6. The question, we think, must be decided in the light of what prejudice, if any, has been caused to the assessee. The notice under Section 33B issued on August 27, 1962, was served on Sundar Das the next day. Notice was also served by affixation. No attempt was made by the assessee to appear on August 29, 1962, through a person competent to participate in the proceeding 'if the case was considered on the merits. The. assessee merely sent Pokar Das for the purpose of informing the Commissioner that the proceeding had been stayed by the High Court. According to the finding of the Tribunal no attempt was made by the assessee before the Commissioner to secure an adjournment of the proceeding on the ground that sufficient time had not been allowed for preparing the case. There is nothing to show that this finding is incorrect. The order of the Commissioner does not indicate that the assessee, either'through Pokar Das or otherwise, made a grievance before the Commissioner of wantof adequate time to present its case.
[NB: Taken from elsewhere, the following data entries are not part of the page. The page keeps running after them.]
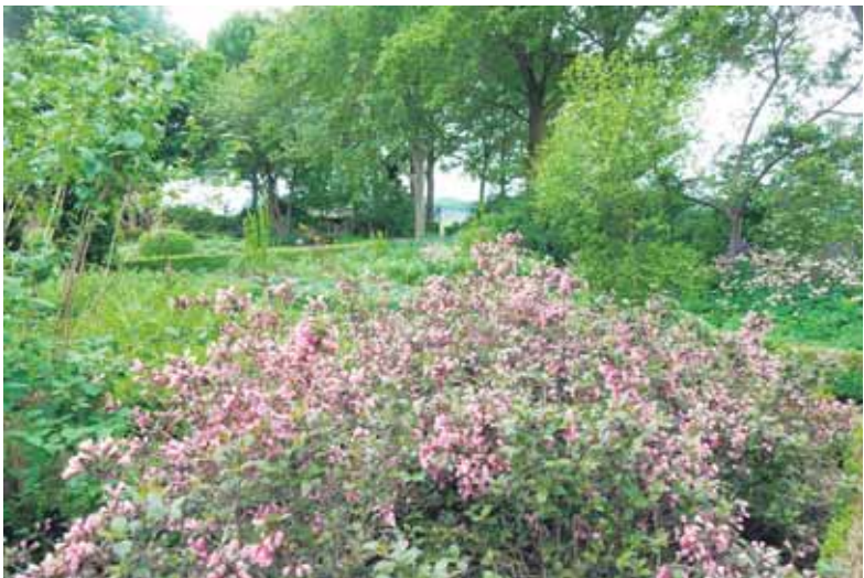
Een van de tuinen in Gorsel.

Bos, uiterwaarden en coulisse­landschap verbindt alle zes de tuinen binnen een straal van vijf kilometer. Goed te bereiken met de auto en een extra ervaring door de route te fietsen. Alle tuinei­genaren zullen u graag ontvangen en vertellen over het wel en wee van hun tuin.
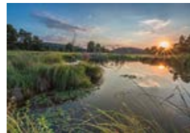
April Deusmauer Moor (Neumarkt in der Oberpfalz) „Sonnenuntergang im Deusmauer Moor“
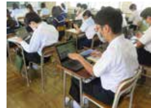
図 学校教育課 (☎ 82-1201)

本市の小中学校では、平成 18 年度からモジュール学習に取り組んでおり、市の教育の特色の一つとなっています。モジュール学習は、15 分を一単位時間として「読み・書き・計算」の基本を徹底反復することで、脳を鍛え活性化することを目的に実施しています。今年度からは、1 人に 1 台のタブレット型端末が整備されたことで、AI(人工知能)ドリルという教材ソフトを活用したモジュール学習に取り組んでいる学校もあります。AI ドリルを利用することにより、子どもの解答を分析し、個々の習熟度に応じた学習ができます。生徒からは「パソコン操作にまだ慣れていないので難しいけれど、頑張っていきたい」「平均正答率などがすぐに示されるので、自分自身で達成度が分かりやすい」といった声が聞かれました。これからも、タブレット型端末を活用しながら、モジュール学習の新たな取組を進めていきます。
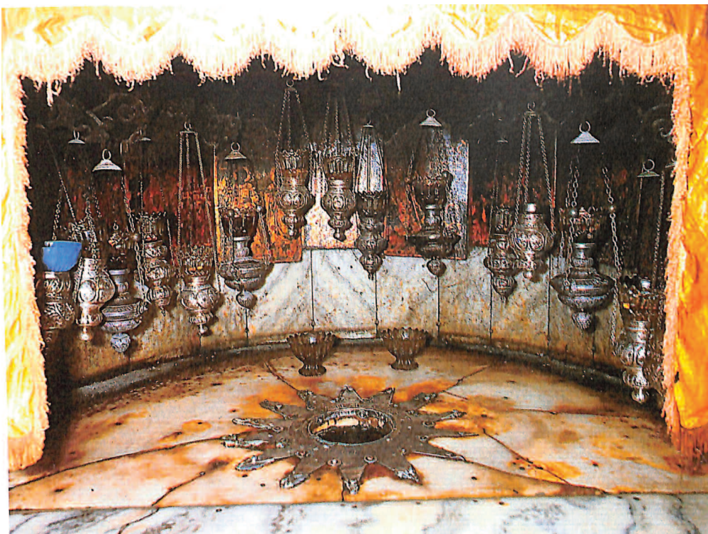
Στο σπήλαιο της Γέννησης.

Σε παράπλευρους χώρους, υπάρχουν νεώτερα κτίσματα των Λατίνων κλπ., δογμάτων. Δυτικά του ναού, σε μορφή κατακόμβης, υπάρχει το σπήλαιο των σφαιγιασθέντων από τον Ηρώδη 14.000 νηπίων ενώ μέσα στα αρκετά άλλα εξωτερικά προσκυνήματα όπως η Μονή του Αγίου Ιερώνυμου υπάρχει και το Σπήλαιο του Γάλακτος, όπου, κατά την παράδοση, έμει-
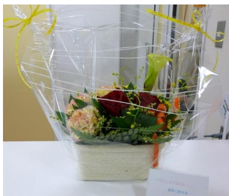
歯科口腔外科 「やさしさに包まれて」
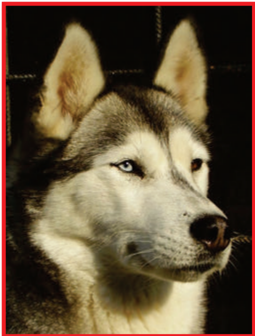
Daverra Ice flower
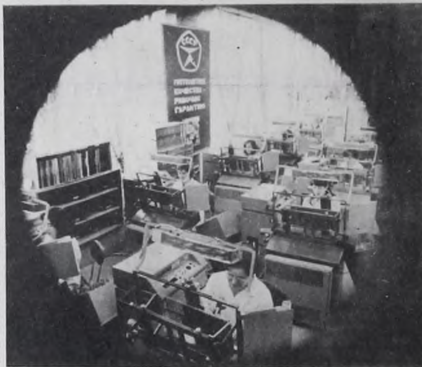
ИДЕТ ХОЛОДНОКАТАНЫЙ НЕРЖАВЕЮЩИЙ ЛИСТ

Основными направлениями экономического и социального развития СССР предусматривается в одиннадцатой пятилетке увеличение производства холоднокатаного стального ли-
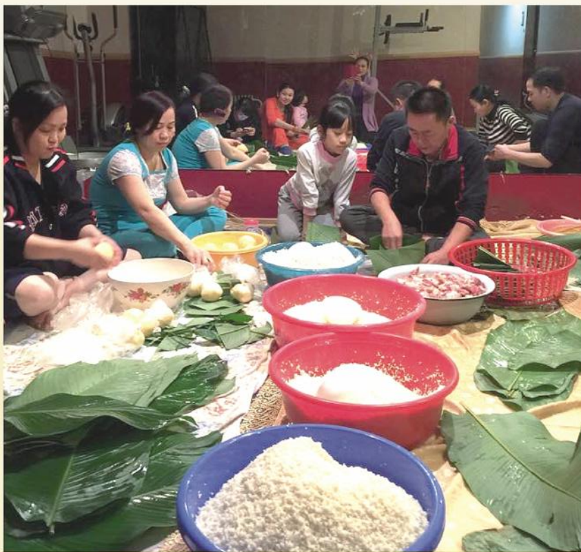
Làng Thời đại gói bánh chưng

We are satisfied that the contention of the assessee that adequate time was not afforded to it must be rejected. Besides, the notice dated August 6, 1962, under Section 263 of the Act of 1961 apprised the assessee of the contemplated proceeding as long ago as August 9, 1962. That notice roust be treated as valid in view of the order dated August 8, 1962, issued under Section 298 of the Act of 1961. Pursuant to that order the notice dated August 6, 1962, issued under the Act of 1961 must be deemed to have been issued under the Act of 1922. There is no dispute that the said notice was served on the assessee on August 9, 1962, It is difficult to accept the contention that the assessee did not have sufficient time for preparing its case.
7. It is also urged that the order under Section 33B is erroneous in so far as it directs the modification of the assessments of the partners. The order, it is said, falls outside the scope of Section 33B. The contention was raised before the Tribunal, and the Tribunal has pointed out that it was concerned with appeal filed by the firm. It was not considering any appoal by the partners. In other words, the Tribunal meant to say that the grievance could be voiced only by the partners and not by the firm. The Tribunal appears to be right in taking that view.
8. In our opinion, the Tribunal is right in holding that the order of the Commissioner of Income-tax under Section 33B was fully within his competence and was a valid and proper order.
9. The questions preferred are answered in the affirmative. The Commissioner of Income-tax is entitled to his costs, which we assess at Rs. 200. Counsel's fee is also assessed in the same figure.